Spongy Moth Issues in Christmas Tree Production: What You Need to Know to Sell Your Trees

Spongy moth infestations in Christmas trees aren’t just a minor inconvenience; they can make your trees unsaleable, leading to lost revenue and damaged reputation. While these insects are typically more of an issue during the summer months, they also appear during Christmas tree harvesting season, because they don’t care about when it’s time to harvest or not, they just want to eat! If you sell Christmas trees, here’s what you need to know about spongy moth issues in Christmas tree production.

The outlook for spongy moth on Christmas trees
The spongy moth (BMF) is a pest that has ravaged millions of dollars worth of Fraser fir, Noble fir and Douglas fir trees across many regions of North America. This tiny brown insect has been a big problem for Christmas tree growers since its discovery over 20 years ago, but it’s only recently becoming apparent how significant an issue it could be. That’s because climate change is making conditions more favorable for spongy moth populations to spread. As you plan your Christmas tree production operations, you need to know what steps you can take now to protect your business from BMF moving forward. Here are some things you should know about BMF and how climate change will affect your business…
About Spongy Moth​ What is Spongy Moth? Spongy moth (Ostryodes rileyi), previously known as Ornamented Bunch-moth or Bunch-mottled Spanworm, was discovered in 1996 near Port Hardy on Vancouver Island. Since then, it has shown up throughout large parts of British Columbia – including Kamloops – where there have also been major incursions into Washington State and Oregon.

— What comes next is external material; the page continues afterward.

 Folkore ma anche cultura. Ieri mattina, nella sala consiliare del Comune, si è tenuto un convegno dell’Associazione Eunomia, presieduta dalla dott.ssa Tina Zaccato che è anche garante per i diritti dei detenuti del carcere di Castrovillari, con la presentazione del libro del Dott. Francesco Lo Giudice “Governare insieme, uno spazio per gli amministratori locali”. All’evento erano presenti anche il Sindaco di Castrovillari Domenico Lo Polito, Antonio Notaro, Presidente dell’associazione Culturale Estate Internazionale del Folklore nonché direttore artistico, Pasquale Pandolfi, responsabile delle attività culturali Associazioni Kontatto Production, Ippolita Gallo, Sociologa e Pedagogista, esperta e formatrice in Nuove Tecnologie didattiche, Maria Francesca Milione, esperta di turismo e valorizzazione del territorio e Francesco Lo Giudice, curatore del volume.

Symptoms of spongy moth attack
Symptoms vary by individual tree and by tree species. In general, trees become visibly infested with spongy moth when they are 2–3 years old and still growing rapidly. Infected trees initially grow normally, but over time they develop elongated cankers (openings) that expose underlying bark and vascular tissues. One or several cankers often develop on a single tree. Cankers may be seen as soon as late summer of year 1 after infection, although some infected trees do not show symptoms until year 3 or later. As trees age and growth slows, cankers may heal completely and no longer be visible. The most common symptom is dieback of branches starting at twig tips; however, some infected trees have more severe symptoms such as branch death throughout most of their crowns. Other possible symptoms include abnormal needle coloration, premature needle drop, thinning foliage and reduced vigor. Some trees never show any symptoms.

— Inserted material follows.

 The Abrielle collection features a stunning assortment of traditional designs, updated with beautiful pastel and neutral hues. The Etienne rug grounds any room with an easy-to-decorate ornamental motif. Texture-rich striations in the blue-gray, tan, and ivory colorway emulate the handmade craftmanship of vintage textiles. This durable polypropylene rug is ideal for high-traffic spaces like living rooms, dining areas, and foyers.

Options for controlling spongy moth damage
For home growers, one of your best options for controlling spongy moth damage is by applying beneficial nematodes. Nematodes prey on many types of insect larvae and can reduce spongy moth populations with regular applications. Growers should apply nematodes when temperatures are between 55-90 degrees Fahrenheit; a five-gallon bucket will cover an area of 30,000 square feet. It’s important to note that while nematodes are effective at reducing spongy moth populations, they won’t kill all of them. To ensure that you don’t have any living larvae left behind after treatment, it’s recommended that you spray trees with neem oil before planting them or put tree guards around them until they’re planted. A second option for control is by using pheromone traps. These traps attract male moths and trap them inside, where they die without reproducing. Pheromone traps can be hung from trees as soon as new growth appears in spring (and then again every four weeks) until harvest time.

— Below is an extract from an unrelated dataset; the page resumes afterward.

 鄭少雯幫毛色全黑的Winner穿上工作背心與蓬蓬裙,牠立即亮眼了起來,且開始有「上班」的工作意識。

How to sell your trees despite spongy moth infestation
The spongy moth infestation has already killed millions of trees in some areas, but there are things you can do if you have a tree with infested needles. Here are five tips for selling spongy moth-infested trees. 1. Always disclose what’s going on with your spruce trees if you plan on selling them… 2. …but don’t just tell people that they’re dead. People don’t want dead trees; they want live ones. 3. If you think your spruce is dead, ask yourself why it looks that way—is it because it was stressed by drought or pests? 4. Make sure you know how to identify an infested tree before you buy one. 5. Make sure customers know how to identify an infested tree before they buy one. In other words, make sure you both know exactly what to look for and how to deal with it.